January 2012

In honor of the awarding of the Nobel Prize in Economics to Elinor Ostrom and Oliver Williamson, it’s worth recalling a mention of Ostrom’s work by a previous Economics Nobel laureate, Vernon Smith, then at George Mason Univeristy, whom I interviewed for CEI’s newsletter, the Planet (then Monthly Planet). Here’s the 2002 Economics Nobel Prize winner, on the future 2009 winner:

One of the best pieces of work on public choice was done by Elinor Ostrom of Indiana University, Governing the Commons. She’s looked at a huge number of commons problems in fisheries, grazing, water, fishing water rights, and stuff like that. She finds that the commons problem is solved by many of these institutions, but not all of them. Some of them cannot make it work. She’s interested in why some of them work and some of them don’t.

One example is the Swiss alpine cheese makers. They had a commons problem. They live very high, and they have a grazing commons for their cattle. They solved that problem in the year 1200 A.D. For about 800 years, these guys have had that problem solved. They have a simple rule: If you’ve got three cows, you can pasture those three cows in the commons if you carried them over from last winter. But you can’t bring new cows in just for the summer. It’s very costly to carry cows over to the winter—they need to be in barns and be heated, they have to be fed. [The cheese makers] tie the right to the commons to a private property right with the cows.

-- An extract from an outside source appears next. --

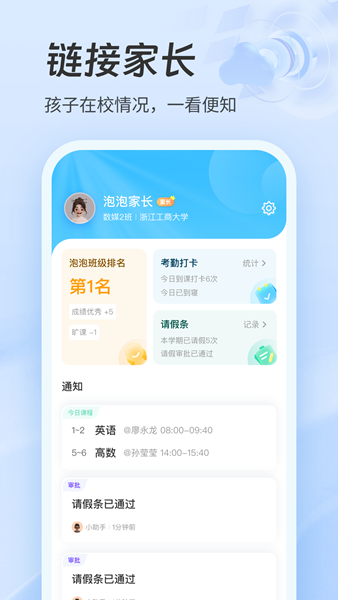 1、丰富多彩的校园活动:包括学校新闻、招生通知、班级动态、校内社交、班主任信箱等等。2、便捷化的日常工作体验:包含了请假申请、审批单处理、出差申请流程查询等常用业务模块,并且还提供了考勤打卡的功能。3、多终端覆盖范围:无论是PC端还是移动端,都可利用该软件实现数据同步更新。4、实时跟踪个人状态:通过“我的”板块及时接收到最新的通知及重要事件,确保不会错过任何重要事项。

The entire interview is available in two parts. (Turn to page six of each issue; the Ostrom discussion is on page nine of part two.)

UPDATE: Vernon Smith comments on Elinor Ostrom’s Nobel Prize in Forbes today:

Previous Nobel laureates such as Ronald Coase (1991), William Vickrey (1996) and Leonid Hurwicz (2007) have also made significant contributions to investigating these big questions, but Ostrom brings a distinct style in applying her skill in different methodologies. She blends field and laboratory empirical methods, economic and game theory, the really important ingredient of scientific common sense, and she constantly challenges her own understanding by looking at new potentially contrary evidence and designing new experiments to challenge her understanding of the emergent historical rules and the theory used to explicate them.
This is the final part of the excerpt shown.